Step 2, if the code line does not contain the selected text, the
  recursive search stops

Step 3, or else use commit id, line number and file name to build
  new git blame cli, like,

`git blame -L line-num,1 --porcelain 4f8740^ file-name`

Step 4, execute new git blame command and start from Step 1

Here is my first commit (added some debug code),

https://github.com/redguardtoo/git/commit/d01d26f2df

-- 
Best Regards,
Chen Bin

--
Help me, help you

^ permalink raw reply	[flat|nested] 8+ messages in thread

* Re: A new idea to extend git-blame
  2019-11-25 12:41 A new idea to extend git-blame Chen Bin
@ 2019-11-25 14:16 ` Jeff King
  2019-11-26  4:55   ` chen bin
  0 siblings, 1 reply; 8+ messages in thread
From: Jeff King @ 2019-11-25 14:16 UTC (permalink / raw)
  To: Chen Bin; +Cc: git

On Mon, Nov 25, 2019 at 11:41:55PM +1100, Chen Bin wrote:

> The key algorithm is simple,
> 
> The algorithm only works for one line blame and the user must
> select text inside the line first.
> 
> Step 1, `git blame -L6,1 --porcelain -- hello.js` output,
> 
>     4f87408612e0dacfd89a1cd2515944e21cf68561 6 6 1
>     skip...
>     filename hello.js
>      doit({bad: 'destroy world', good: 'hello world', ...});
> 
> I got the commit id (1st column), the line number (2nd column),
> file name (hello.js) and the code line (last line).
> 
> Step 2, if the code line does not contain the selected text, the
>   recursive search stops
> 
> Step 3, or else use commit id, line number and file name to build
>   new git blame cli, like,
> 
> `git blame -L line-num,1 --porcelain 4f8740^ file-name`
> 
> Step 4, execute new git blame command and start from Step 1

This sounds a lot like how git-log's "-L" option works, which tries to
find the history of a line over many changes.

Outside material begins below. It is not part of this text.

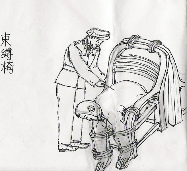 韩姓大队长指使犯人把谢德文手、脚、四肢铐在四个床头,床上五块木板,后来她说:“撤掉两块板,脖子一块,脚一块,臀部一块。每天除了三次灌食外,都铐在床上。”
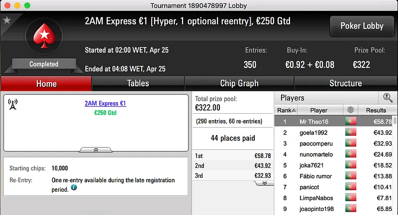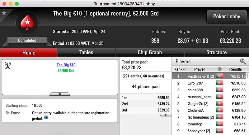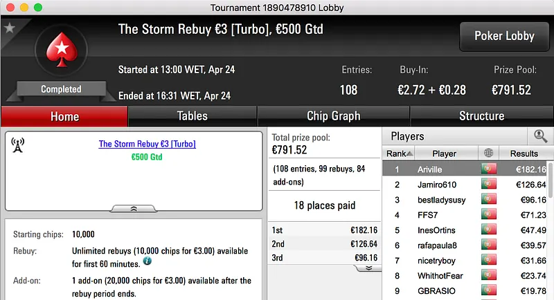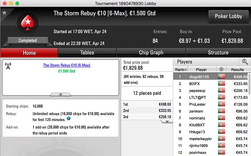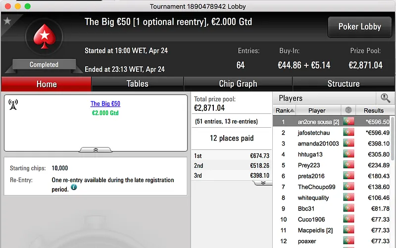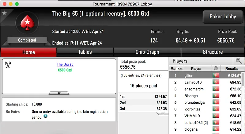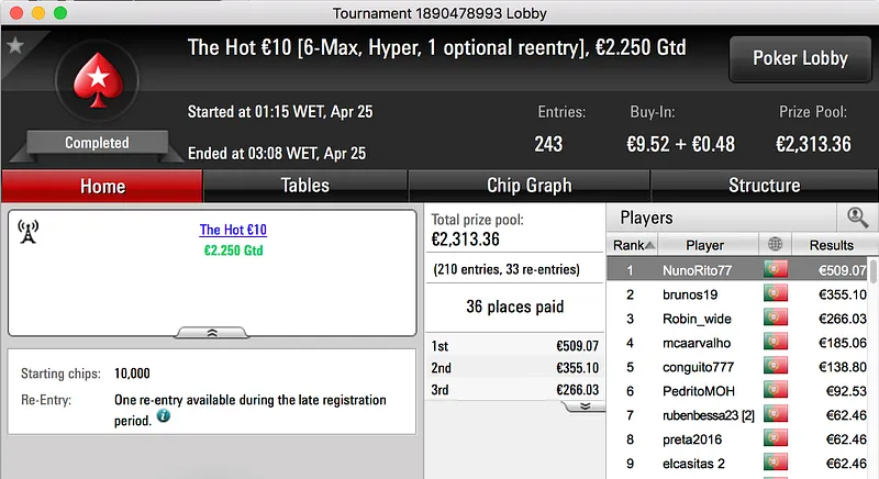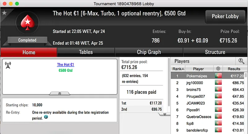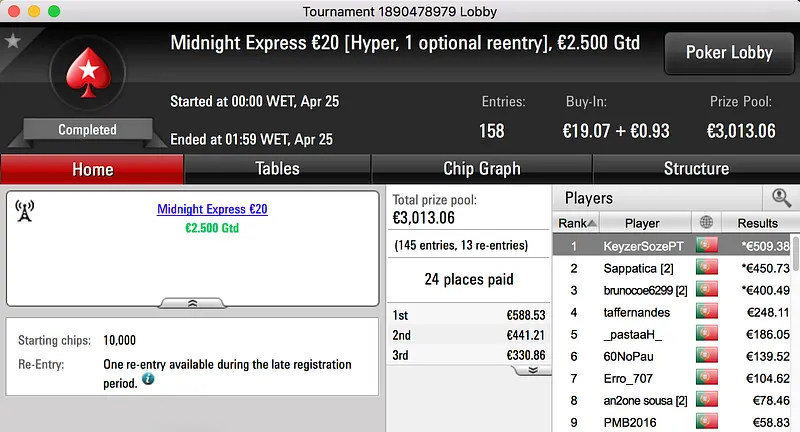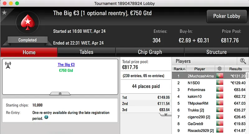 Por fim, fechamos o pódio com a vitória de Bolinhaslb83 no Bounty Builder €30, entre prize pool e bounties ganhou €778.

It's also similar to the "re-blame from parent" feature of many blame
viewers. There we have a human in the loop saying "no, this is not quite
the change I'm looking for; go back further".

-Peff

^ permalink raw reply	[flat|nested] 8+ messages in thread

* Re: A new idea to extend git-blame
  2019-11-25 14:16 ` Jeff King
@ 2019-11-26  4:55   ` chen bin
  2019-11-26  5:36     ` chen bin
  0 siblings, 1 reply; 8+ messages in thread
From: chen bin @ 2019-11-26  4:55 UTC (permalink / raw)
  To: Jeff King; +Cc: Git ML

I re-tested `git log -L20,20:README.md` in git's own repo with HEAD
d01d26f2df. Looks git log is not what I expected. The output contains
many unrelated commits. So it will be slow in real project.

A recursive blame with the algorithm I suggest will get correct commit
in short time. So my suggestion still hold.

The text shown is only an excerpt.